Всеобщая история чувств — страница 52 из 68

Посмотрите на собственные ноги. Вы стоите в небе. Говоря о небе, мы обычно задираем головы, но начинается-то оно на земле. Мы ходим сквозь него, кричим в него, собираем в нем опавшую листву, купаем собак и ездим на автомобилях. Оно попадает в нас с дыханием. С каждым вдохом мы вбираем в себя миллионы молекул неба, быстро нагреваем их и выдыхаем обратно в мир. В эти мгновения через нас проходят те же самые молекулы, которыми некогда дышали Леонардо да Винчи, Уильям Шекспир, Энн Брэдстрит или Колетт. Глубоко вдохните. Вспомните «Бурю». Мехи легких приводят воздух в движение, и он питает энергией наши клетки. Мы говорим «легкий как воздух», но ведь атмосфера отнюдь не легка – она весит пять тысяч триллионов тонн. Удержать ее на земле может лишь столь упрямая сила, как притяжение, – не будь ее, воздух улетел бы и рассеялся в бескрайних просторах космоса.

Мы часто бездумно говорим о «пустом небе». Но небо никогда не пустует. В одной унции воздуха содержится тысяча миллиардов триллионов вращающихся атомов кислорода, азота и водорода, каждый из которых – это скопище электронов, кварков и призрачных нейтрино. Порой мы восхищаемся «спокойным» днем или «тихой» ночью. Но покоя нет ни в небе, ни где-либо еще, где жизнь встречается с материей. Воздух всегда трепещет в возбуждении, он полон летучих газов, выброшенных спор, пыли, вирусов, грибов и животных, которых треплют, завывая, неутомимые ветры. Существуют активные летуны – бабочки, птицы, летучие мыши и насекомые, – освоившие воздушные дороги, а есть летуны пассивные – осенние листья, пыльца, семена молочая, – которые просто дрейфуют. Небо, начинающееся на земле и распространяющееся во всех направлениях, – это объемное, зыбкое царство, в котором мы обитаем. Говоря, что наши отдаленные предки выползли на землю, мы забываем добавить, что в действительности они переместились из одного океана в другой, из верхних слоев воды – в нижние, придонные слои воздуха.

Здесь, на побережье, господствуют ветры с запада; это хорошо видно по причудливым формам прибрежной растительности. Легкий устойчивый бриз с Тихого океана взметает степные травы в прическу «помпадур». Чуть дальше, в не таком открытом месте, я наткнулась на небольшой участок, ограниченный кру́гом голой земли.
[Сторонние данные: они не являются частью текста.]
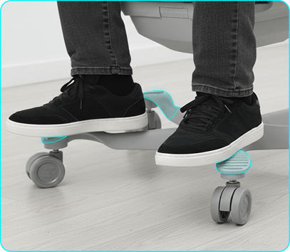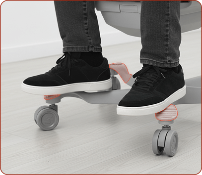 Estrutura com apoio de pés integrado à base, favorecendo posições confortáveis para uso prolongado.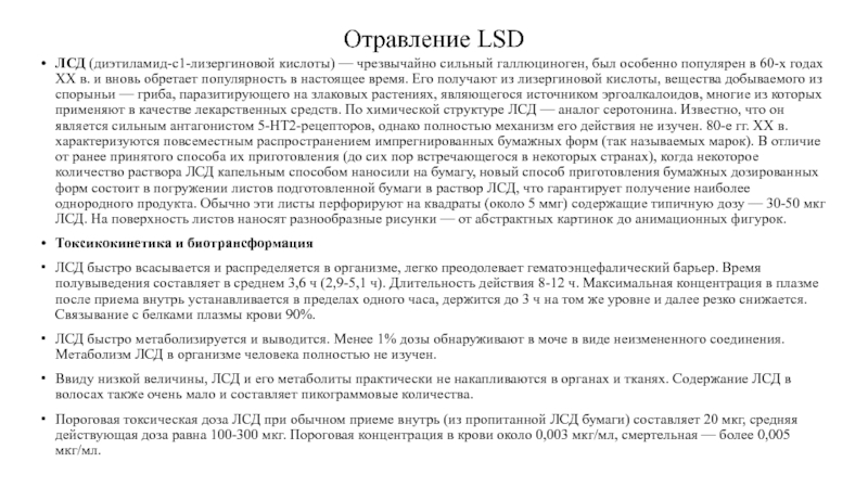 настоящее время. Его получают из лизергиновой кислоты, вещества добываемого из спорыньи — гриба, паразитирующего на злаковых растениях, являющегося источником эргоалкалоидов, многие из которых применяют в качестве лекарственных средств. По химической структуре ЛСД — аналог серотонина. Известно, что он является сильным антагонистом 5-НТ2-рецепторов, однако полностью механизм его действия не изучен. 80-е гг. XX в. характеризуются повсеместным распространением импрегнированных бумажных форм (так называемых марок). В отличие от ранее принятого способа их приготовления (до сих пор встречающегося в некоторых странах), когда некоторое количество раствора ЛСД капельным способом наносили на бумагу, новый способ приготовления бумажных дозированных форм состоит в погружении листов подготовленной бумаги в раствор ЛСД, что гарантирует получение наиболее однородного продукта. Обычно эти листы перфорируют на квадраты (около 5 ммг) содержащие типичную дозу — 30-50 мкг ЛСД. На поверхность листов наносят разнообразные рисунки — от абстрактных картинок до анимационных фигурок.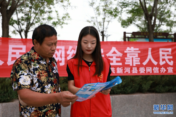志愿者为群众普及网络安全相关知识。新河县委网信办供图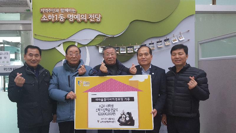 올해에도 지난 18일 새마을할아버지 경로당 남상종 회장과 회원들이 소하1동 행정복지센터를 찾아와 소외계층에게 희망을 줄 수 있는 일에 써달라며 현금 100만원을 전달했다. 이날 전달된 후원금 100만원은 취지에 맞게 기초생활수급자 2가정의 대학생을 위한 대학교 입학금으로 각 50만원씩 지원될 예정이다.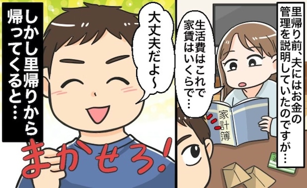 問題は、里帰り中お金の管理ができないだろうと思い、生活費はいくらで、家賃はいくらで、お小遣いはこれだけだよと毎月(3ヶ月間)給料日に伝えていたのですが大丈夫だよーと言っていて、帰ってきたら友人にお金を借りていたことです。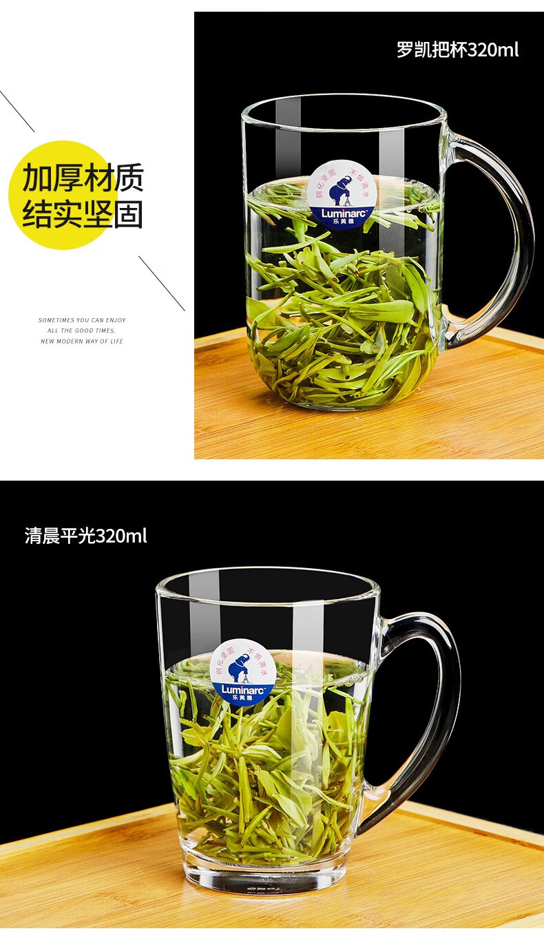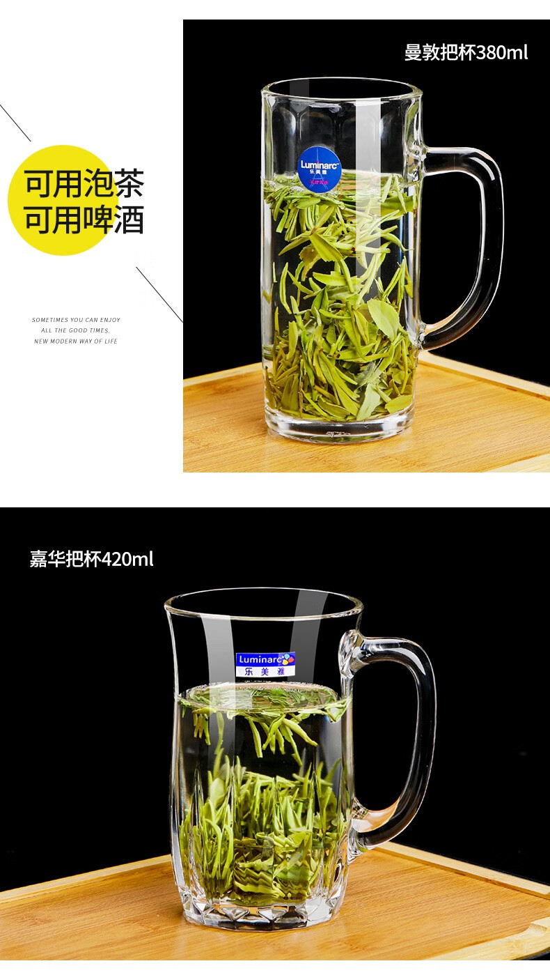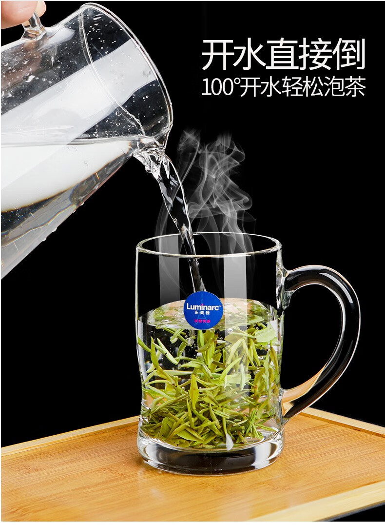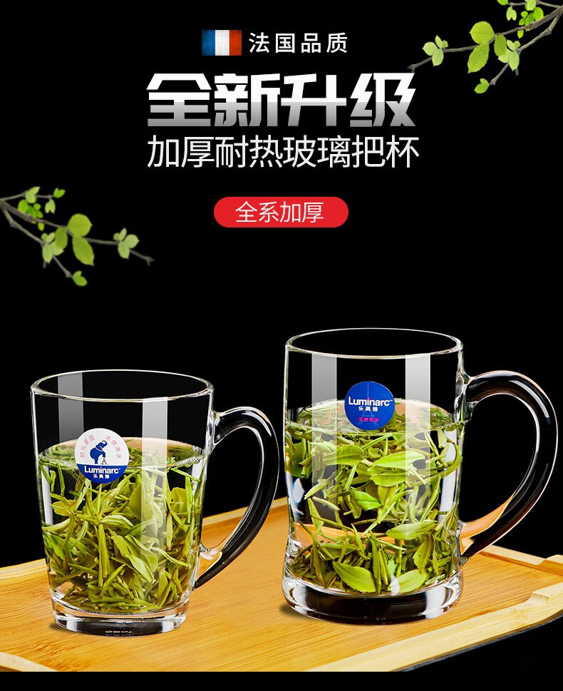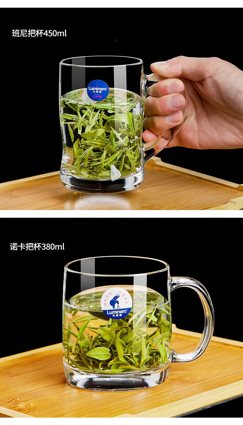 Luminarc thickened tempered glass cup household tea cup with handle large capacity tea cup green tea cup drinking cup with handle Benny 450ml two

Выглядит так, будто кто-то воткнул в землю формочку для печенья, но это сделал ветер.

Мы считаем ветер деструктивной силой – внезапным шквалом, срывающим крышу с оклахомской школы, – но ветер еще и терпеливый и умелый каменотес, который вырезает скалы, протачивает горные склоны, формирует пляжи, сбрасывает деревья и камни с гор или в русла рек. Ветер создает волны, хоть в чувственно выгнутых барханах Долины смерти, хоть вдоль непрерывно меняющихся побережий. Будто грязную скатерть, ветер сдирает плодородную почву с разграфленных полей Среднего Запада, создавая Пыльный котел. Он может приводить в движение генераторы, планеры, ветряные мельницы, воздушные змеи, парусные корабли. Он разносит семена и пыльцу. Он формирует ландшафт. У извилистых берегов часто можно увидеть деревья, эффектно скрученные неутомимыми ветрами.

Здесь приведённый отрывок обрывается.